This is normal procedure. Mods are getting used to the new platform and right now, but we do have an equivalent of the old infraction system. I hate banning people (probably only ever banned two) but really we have to just think of the community, and ideally moderate without fear of favour.



Dr G said:


> Get rid of that rule,


I would keep breathing - it was aleways harri's intention to have that rule to stop people joining purely to sell. And it does that to an extent.


----------



## Dr G

buddy lee said:


> You're right, but then, a group of members started complaining that "there are too many FS posts in the new post section" and made a big stink of it. And regarding the contested sale, rather than deal with the two people who couldn't figure out how to be adults, I guess it was easier to just ruin it for everyone lol.


But new posts to word games are alright because this is a saxophone forum... Say what?!

Yeah, I'm not into them, so I ignore them. Funny how the word game threads persist, but the Marketplace got tubed.

Now let's get back to wondering what color lacquer is best for worship music. Hmmm, I don't know that I've seen that poll yet, but as I recall white lacquer is preferred in the Church of Jimi Hendrix.


----------



## Dr G

Pete Thomas said:


> I would keep breathing - it was aleways harri's intention to have that rule to stop people joining purely to sell. And it does that to an extent.

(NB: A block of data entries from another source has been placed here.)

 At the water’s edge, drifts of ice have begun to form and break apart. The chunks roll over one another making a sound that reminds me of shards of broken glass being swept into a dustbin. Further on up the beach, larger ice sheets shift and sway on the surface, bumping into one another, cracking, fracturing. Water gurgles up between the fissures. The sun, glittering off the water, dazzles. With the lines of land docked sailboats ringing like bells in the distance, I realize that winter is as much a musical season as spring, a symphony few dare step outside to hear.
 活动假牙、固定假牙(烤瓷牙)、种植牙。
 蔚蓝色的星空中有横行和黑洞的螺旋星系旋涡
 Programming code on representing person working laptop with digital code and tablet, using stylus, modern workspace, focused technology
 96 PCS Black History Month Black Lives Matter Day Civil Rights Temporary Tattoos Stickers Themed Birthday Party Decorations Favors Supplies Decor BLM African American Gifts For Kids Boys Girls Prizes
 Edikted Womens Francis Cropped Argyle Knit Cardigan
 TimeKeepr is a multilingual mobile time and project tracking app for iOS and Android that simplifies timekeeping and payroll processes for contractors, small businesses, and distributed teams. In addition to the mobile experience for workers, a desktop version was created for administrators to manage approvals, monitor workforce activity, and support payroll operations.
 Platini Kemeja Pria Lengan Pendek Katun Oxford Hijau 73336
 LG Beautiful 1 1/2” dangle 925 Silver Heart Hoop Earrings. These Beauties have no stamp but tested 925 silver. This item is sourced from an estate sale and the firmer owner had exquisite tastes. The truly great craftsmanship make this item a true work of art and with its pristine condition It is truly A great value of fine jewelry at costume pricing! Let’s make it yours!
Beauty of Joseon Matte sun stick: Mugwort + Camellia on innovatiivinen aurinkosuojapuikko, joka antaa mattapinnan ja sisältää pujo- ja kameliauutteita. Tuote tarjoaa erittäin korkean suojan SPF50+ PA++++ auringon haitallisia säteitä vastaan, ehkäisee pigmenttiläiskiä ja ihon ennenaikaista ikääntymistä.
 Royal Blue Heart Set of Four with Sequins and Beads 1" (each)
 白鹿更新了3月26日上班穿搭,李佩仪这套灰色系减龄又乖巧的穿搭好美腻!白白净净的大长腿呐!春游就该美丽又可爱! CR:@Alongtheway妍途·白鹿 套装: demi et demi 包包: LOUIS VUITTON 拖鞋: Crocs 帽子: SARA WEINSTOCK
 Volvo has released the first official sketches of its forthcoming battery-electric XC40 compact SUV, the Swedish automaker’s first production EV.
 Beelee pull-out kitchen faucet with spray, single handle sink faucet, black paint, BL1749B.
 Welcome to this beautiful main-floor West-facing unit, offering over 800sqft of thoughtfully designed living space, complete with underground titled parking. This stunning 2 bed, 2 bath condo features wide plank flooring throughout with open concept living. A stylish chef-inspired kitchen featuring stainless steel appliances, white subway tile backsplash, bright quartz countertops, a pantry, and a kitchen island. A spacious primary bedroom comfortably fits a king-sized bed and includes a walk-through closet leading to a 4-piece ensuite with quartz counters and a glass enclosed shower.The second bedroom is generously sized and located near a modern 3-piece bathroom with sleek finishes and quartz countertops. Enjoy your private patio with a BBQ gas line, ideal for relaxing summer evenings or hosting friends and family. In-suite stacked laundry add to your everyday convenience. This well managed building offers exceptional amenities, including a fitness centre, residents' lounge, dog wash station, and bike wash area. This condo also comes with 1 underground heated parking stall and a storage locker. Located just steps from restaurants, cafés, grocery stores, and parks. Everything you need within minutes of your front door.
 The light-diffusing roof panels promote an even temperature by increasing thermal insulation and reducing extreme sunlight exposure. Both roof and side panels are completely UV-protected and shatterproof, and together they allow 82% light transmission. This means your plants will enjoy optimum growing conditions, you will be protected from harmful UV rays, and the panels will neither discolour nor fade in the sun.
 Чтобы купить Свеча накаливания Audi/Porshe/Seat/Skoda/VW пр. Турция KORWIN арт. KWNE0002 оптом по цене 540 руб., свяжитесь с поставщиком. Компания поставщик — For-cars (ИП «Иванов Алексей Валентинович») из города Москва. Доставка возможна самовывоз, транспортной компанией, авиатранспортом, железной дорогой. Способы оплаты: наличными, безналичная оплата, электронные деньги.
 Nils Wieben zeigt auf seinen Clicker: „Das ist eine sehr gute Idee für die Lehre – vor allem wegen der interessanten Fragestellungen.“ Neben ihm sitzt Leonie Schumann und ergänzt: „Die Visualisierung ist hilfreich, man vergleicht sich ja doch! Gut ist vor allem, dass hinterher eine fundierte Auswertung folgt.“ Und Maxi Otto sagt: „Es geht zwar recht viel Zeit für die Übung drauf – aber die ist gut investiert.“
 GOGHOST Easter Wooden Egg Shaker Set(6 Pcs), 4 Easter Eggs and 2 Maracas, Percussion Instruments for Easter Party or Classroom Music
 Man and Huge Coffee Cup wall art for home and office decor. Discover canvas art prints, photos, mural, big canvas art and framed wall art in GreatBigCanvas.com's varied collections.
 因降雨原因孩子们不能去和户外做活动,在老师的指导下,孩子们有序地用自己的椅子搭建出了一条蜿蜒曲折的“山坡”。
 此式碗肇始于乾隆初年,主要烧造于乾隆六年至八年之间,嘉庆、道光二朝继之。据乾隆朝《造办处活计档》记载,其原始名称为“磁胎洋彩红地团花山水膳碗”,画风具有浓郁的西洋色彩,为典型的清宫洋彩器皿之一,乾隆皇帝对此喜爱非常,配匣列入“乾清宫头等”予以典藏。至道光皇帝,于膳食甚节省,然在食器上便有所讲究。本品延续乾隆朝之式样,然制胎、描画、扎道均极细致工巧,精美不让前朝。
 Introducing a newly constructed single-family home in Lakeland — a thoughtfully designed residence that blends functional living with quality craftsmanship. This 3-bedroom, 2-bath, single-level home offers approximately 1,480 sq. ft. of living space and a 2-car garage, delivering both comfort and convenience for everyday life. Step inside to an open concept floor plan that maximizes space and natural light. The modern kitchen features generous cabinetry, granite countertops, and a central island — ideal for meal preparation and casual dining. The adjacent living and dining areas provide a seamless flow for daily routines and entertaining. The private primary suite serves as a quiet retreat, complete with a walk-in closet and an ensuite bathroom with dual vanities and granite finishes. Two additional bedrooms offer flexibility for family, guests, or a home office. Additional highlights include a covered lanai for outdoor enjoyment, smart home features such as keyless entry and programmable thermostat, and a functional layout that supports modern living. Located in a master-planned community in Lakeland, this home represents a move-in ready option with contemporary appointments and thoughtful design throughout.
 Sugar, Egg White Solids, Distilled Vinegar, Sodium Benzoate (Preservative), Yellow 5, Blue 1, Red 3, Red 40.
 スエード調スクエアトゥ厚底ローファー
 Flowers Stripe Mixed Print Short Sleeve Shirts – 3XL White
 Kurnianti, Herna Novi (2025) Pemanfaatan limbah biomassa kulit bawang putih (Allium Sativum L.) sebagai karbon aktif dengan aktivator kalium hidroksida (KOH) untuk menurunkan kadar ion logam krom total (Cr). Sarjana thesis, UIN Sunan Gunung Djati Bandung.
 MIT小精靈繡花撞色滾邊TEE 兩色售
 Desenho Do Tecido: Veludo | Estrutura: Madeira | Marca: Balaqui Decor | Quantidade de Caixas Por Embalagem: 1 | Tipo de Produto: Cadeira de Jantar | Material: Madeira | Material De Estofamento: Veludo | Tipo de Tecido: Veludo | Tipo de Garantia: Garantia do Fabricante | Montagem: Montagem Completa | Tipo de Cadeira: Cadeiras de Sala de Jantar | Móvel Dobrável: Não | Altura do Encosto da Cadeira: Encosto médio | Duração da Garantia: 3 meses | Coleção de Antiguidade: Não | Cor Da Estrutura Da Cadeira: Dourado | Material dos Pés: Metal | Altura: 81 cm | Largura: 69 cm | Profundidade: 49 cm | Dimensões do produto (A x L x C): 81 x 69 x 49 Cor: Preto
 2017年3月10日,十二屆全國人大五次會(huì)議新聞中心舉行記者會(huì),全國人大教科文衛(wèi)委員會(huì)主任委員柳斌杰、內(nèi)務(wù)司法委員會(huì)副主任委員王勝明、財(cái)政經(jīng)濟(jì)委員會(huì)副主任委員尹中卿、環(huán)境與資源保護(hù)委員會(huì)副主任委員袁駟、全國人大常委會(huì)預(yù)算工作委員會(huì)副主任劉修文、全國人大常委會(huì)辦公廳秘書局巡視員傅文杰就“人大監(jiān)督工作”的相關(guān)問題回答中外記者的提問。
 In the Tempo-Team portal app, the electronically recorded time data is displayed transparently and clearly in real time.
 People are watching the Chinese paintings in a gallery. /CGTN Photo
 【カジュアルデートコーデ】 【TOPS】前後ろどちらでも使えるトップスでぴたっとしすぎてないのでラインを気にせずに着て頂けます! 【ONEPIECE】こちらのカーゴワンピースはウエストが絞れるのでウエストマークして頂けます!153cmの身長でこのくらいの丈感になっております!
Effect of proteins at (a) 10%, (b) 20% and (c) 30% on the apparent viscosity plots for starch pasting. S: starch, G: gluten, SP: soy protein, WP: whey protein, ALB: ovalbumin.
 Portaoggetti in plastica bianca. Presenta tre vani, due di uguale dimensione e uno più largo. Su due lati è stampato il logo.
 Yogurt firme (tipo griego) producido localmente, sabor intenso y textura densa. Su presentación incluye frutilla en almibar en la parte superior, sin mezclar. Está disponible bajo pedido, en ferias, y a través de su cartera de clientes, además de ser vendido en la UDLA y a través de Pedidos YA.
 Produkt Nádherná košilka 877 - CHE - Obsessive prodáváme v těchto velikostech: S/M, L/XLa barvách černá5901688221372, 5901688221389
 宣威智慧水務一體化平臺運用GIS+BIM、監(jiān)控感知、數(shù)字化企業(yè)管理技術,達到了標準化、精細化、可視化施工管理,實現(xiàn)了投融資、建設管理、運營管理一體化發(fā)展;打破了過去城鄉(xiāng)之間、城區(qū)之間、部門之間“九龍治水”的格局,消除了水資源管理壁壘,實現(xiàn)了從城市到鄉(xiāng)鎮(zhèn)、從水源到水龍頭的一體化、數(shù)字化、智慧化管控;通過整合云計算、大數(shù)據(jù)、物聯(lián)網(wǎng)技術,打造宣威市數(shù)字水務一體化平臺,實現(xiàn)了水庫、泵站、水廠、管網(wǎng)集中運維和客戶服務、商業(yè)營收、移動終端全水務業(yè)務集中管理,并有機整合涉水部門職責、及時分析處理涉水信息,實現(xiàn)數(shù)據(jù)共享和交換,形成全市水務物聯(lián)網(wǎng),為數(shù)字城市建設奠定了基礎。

And I agree with the intent, but doesn't the tenure rule take care of that? You don't have to know anything about saxophones, or even care, to post "Does this look like a real mouthpiece?" and similar, for 50 iterations. I have certainly witnessed enough members joining, then 6 months later showing a sudden flurry of "activity" as they scale up to sell something. I think the 50 posts requirements just drives more random contributions.


----------



## Atratr

I sent a private message to a seller but no answer. Then i was going to try posting in the thread but it says i don´t have privileges for doing so.
Is going to be like that from now?


----------



## Pete Thomas

Atratr said:


> s going to be like that from now?


It has been like that for 18 months.

The policy is under review.

However if they don't respond to a message, there is no reason for them to respond in the thread anyway. Even if we had the commenting in threads, you should not be discussing transactions or negotiating within the thread.


----------



## datsaxman

Lots of folks do not know to check their PM. 
Maybe they do not know how?

They can and will check the thread.


----------



## milandro

datsaxman said:


> Lots of folks do not know to check their PM.
> Maybe they do not know how?
> 
> They can and will check the thread.


It is very possible.

PMs are now called conversations and you get an alert in suqare symbol top right in the shape of a colored dot .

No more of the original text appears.